**Given material:**
▼
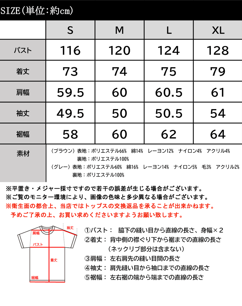 - Mサイズ:着丈: 55cm / 身幅: 62cm / 肩幅: 60cm / 袖丈: 46cm
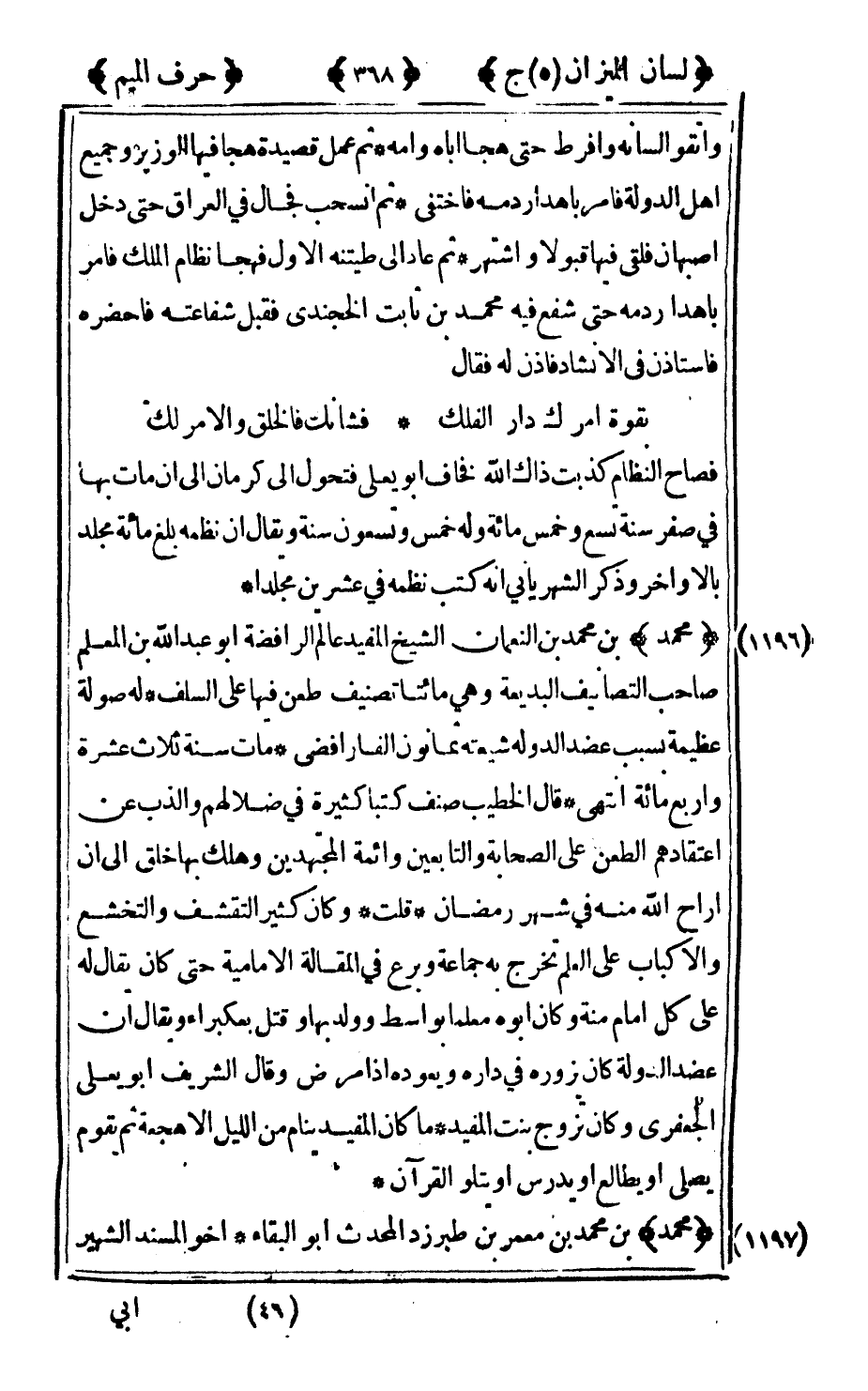 1196 - "محمد" بن محمد بن النعمان الشيخ المفيد عالم الرافضة أبو عبد الله بن المعلم صاحب التصانيف البديعة وهي مائتا تصنيف طعن فيها على السلف له صولة عظيمة بسبب عضد الدولة شيعته ثمانون الفا رافضي مات سنة ثلاث عشرة وأربع مائة انتهى قال الخطيب صنف كتبا كثيرة في ضلالهم والذب عن اعتقادهم الطعن على الصحابة والتابعين وائمة المجتهدين وهلك بها خلق إلى أن اراح الله منه في شهر رمضان قلت: وكان كثير التقشف والتخشع والأكباب على العلم تخرج به جماعة وبرع في المقالة الأمامية حتى كان يقال له على كل امام منة وكان أبوه معلما بواسط وولد بها وقتل بعكبراء ويقال إن عضد الدولة كان يزوره في داره ويعوده إذا مرض وقال الشريف أبو يعلى الجعفري وكان تزوج بنت المفيد ما كان المفيد ينام من الليل إلا هجعة ثم يقوم يصلي أو يطالع أو يدرس أو يتلو القرآن.
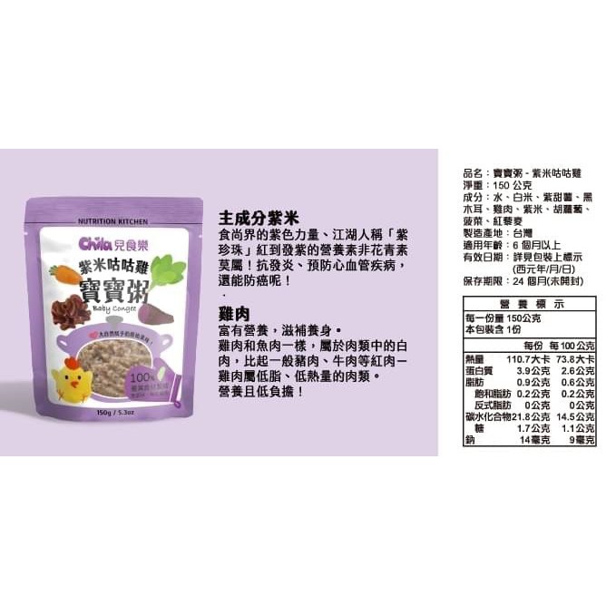 台灣 Chila 兒食樂 常溫寶寶粥 (共四種口味可選)
▲
Exclude all images and retype the data precisely.

 - Mサイズ:着丈: 55cm / 身幅: 62cm / 肩幅: 60cm / 袖丈: 46cm
 1196 - "محمد" بن محمد بن النعمان الشيخ المفيد عالم الرافضة أبو عبد الله بن المعلم صاحب التصانيف البديعة وهي مائتا تصنيف طعن فيها على السلف له صولة عظيمة بسبب عضد الدولة شيعته ثمانون الفا رافضي مات سنة ثلاث عشرة وأربع مائة انتهى قال الخطيب صنف كتبا كثيرة في ضلالهم والذب عن اعتقادهم الطعن على الصحابة والتابعين وائمة المجتهدين وهلك بها خلق إلى أن اراح الله منه في شهر رمضان قلت: وكان كثير التقشف والتخشع والأكباب على العلم تخرج به جماعة وبرع في المقالة الأمامية حتى كان يقال له على كل امام منة وكان أبوه معلما بواسط وولد بها وقتل بعكبراء ويقال إن عضد الدولة كان يزوره في داره ويعوده إذا مرض وقال الشريف أبو يعلى الجعفري وكان تزوج بنت المفيد ما كان المفيد ينام من الليل إلا هجعة ثم يقوم يصلي أو يطالع أو يدرس أو يتلو القرآن.
 台灣 Chila 兒食樂 常溫寶寶粥 (共四種口味可選)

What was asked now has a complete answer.